The kill -QUIT with bt on the client at this point:
jo@seahorse:~/bzr/vp-trunk$ bzr merge bzr://bzr.hosts.itris.nl/vp-trunk
** SIGQUIT received, entering debuggerB/s | Fetching revisions:Inserting
stream
** Type 'c' to continue or 'q' to stop the process
** Or SIGQUIT again to quit (and possibly dump core)
> /usr/lib/python2.5/site-packages/bzrlib/breakin.py(33)_debug()
-> signal.signal(signal.SIGQUIT, _debug)
(Pdb) bt
  /usr/bin/bzr(142)<module>()
-> exit_val = bzrlib.commands.main()
  /usr/lib/python2.5/site-packages/bzrlib/commands.py(1108)main()
-> ret = run_bzr_catch_errors(argv)
  /usr/lib/python2.5/site-packages/bzrlib/commands.py(1120)run_bzr_catch_errors()
-> return exception_to_return_code(run_bzr, argv)
  /usr/lib/python2.5/site-packages/bzrlib/commands.py(835)exception_to_return_code()
-> return the_callable(*args, **kwargs)
  /usr/lib/python2.5/site-packages/bzrlib/commands.py(1030)run_bzr()
-> ret = run(*run_argv)
  /usr/lib/python2.5/site-packages/bzrlib/commands.py(647)run_argv_aliases()
-> return self.run(**all_cmd_args)
  /usr/lib/python2.5/site-packages/bzrlib/builtins.py(3683)run()
-> location, revision, remember, possible_transports, pb)
  /usr/lib/python2.5/site-packages/bzrlib/builtins.py(3790)_get_merger_from_branch()
-> other_revision_id, base_revision_id, other_branch, base_branch)
  /usr/lib/python2.5/site-packages/bzrlib/merge.py(204)from_revision_ids()
-> merger.set_other_revision(other, other_branch)
  /usr/lib/python2.5/site-packages/bzrlib/merge.py(343)set_other_revision()
-> self._maybe_fetch(other_branch, self.this_branch, self.other_rev_id)
  /usr/lib/python2...

Read more...

summary: - bzr hangs on push/pull/merge between 1.16 and 1.17
+ bzr hangs (deadlock) on push/pull/merge
Revision history for this message
Andrew Bennetts (spiv) wrote :

Unfortunately SIGQUIT won't be readily useful on TCP "bzr serve" servers, because the interesting thread is not the main thread, and I don't think pdb provides any way to get a backtrace for a non-main thread. The server is definitely the interesting side of this; the client is simply waiting for the server to send it more data.
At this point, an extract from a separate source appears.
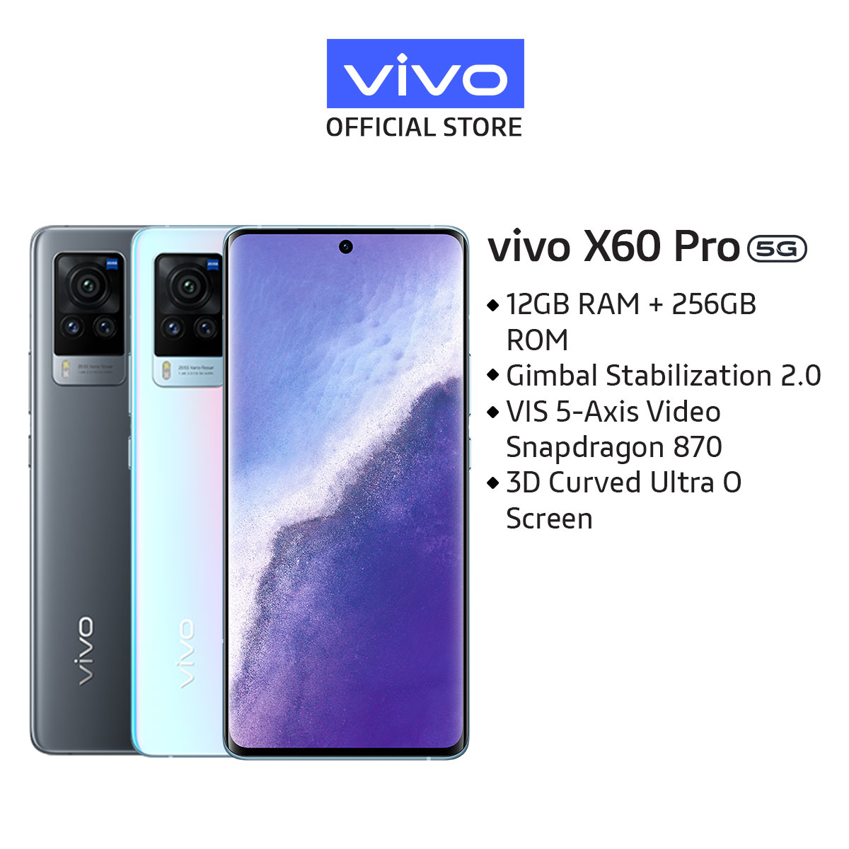 vivo X60 Pro 5G [12GB+3GB/256GB] Gimbal Stabilization 2.0/ VIS 5-Axis Video Stabilization/ Extreme Night Vision 2.0/Qualcomm Snapdragon 870/ 3D Curved Ultra O Screen/ HDR10+ and Hi-Res Certifications

An strace of the server process may be more revealing. Or, if you have gdb installed on the server (and maybe the python debugging symbols too?) you can try using the gdbinit file linked from http://wiki.python.org/moin/DebuggingWithGdb and use the "pystack" macro on the appropriate thread. Actually, even a regular "thread apply all bt" in gdb might help.
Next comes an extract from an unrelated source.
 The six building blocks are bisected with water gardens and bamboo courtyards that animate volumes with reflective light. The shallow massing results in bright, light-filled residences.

Depending on what has gone wrong, there might be a backtrace lurking in ~/.bzr.log on the server too, although in this case I'm guessing there won't be. (If the server is behaving well enough to log errors, it should be behaving well enough to return an error to the client too.)

Revision history for this message
Frits Jalvingh (fjalvingh) wrote :

I have an strace of the server *after* it hangs, not before it:
futex(0x937a5a8, FUTEX_WAIT, 0, NULL) = 0
futex(0x937a5a8, FUTEX_WAIT, 0, NULL) = 0
futex(0x937a5a8, FUTEX_WAKE, 1) = 1
poll([{fd=4, events=POLLIN}], 1, 1000) = 0
futex(0x937a5a8, FUTEX_WAIT, 0, NULL) = 0
futex(0x937a5a8, FUTEX_WAIT, 0, NULL) = 0
futex(0x937a5a8, FUTEX_WAKE, 1) = 1
poll([{fd=4, events=POLLIN}], 1, 1000) = 0
futex(0x937a5a8, FUTEX_WAIT, 0, NULL) = 0
futex(0x937a5a8, FUTEX_WAKE, 1) = 1
poll([{fd=4, events=POLLIN}], 1, 1000) = 0
futex(0x937a5a8, FUTEX_WAIT, 0, NULL) = 0
futex(0x937a5a8, FUTEX_WAIT, 0, NULL) = 0
futex(0x937a5a8, FUTEX_WAIT, 0, NULL) = 0
futex(0x937a5a8, FUTEX_WAIT, 0, NULL) = -1 EAGAIN (Resource temporarily unavailable)
futex(0x937a5a8, FUTEX_WAIT, 0, NULL) = 0
futex(0x937a5a8, FUTEX_WAKE, 1) = 1
poll([{fd=4, events=POLLIN}], 1, 1000) = 0

In effect it is not doing anything. I'll investigate if it is possible to do a gdb; this server runs Red Head 4 (I always get a red head because it is such an unfriendly horrible Linux distro) and I had to compile Python by hand there - RHEL 3 has python 2.3 as base.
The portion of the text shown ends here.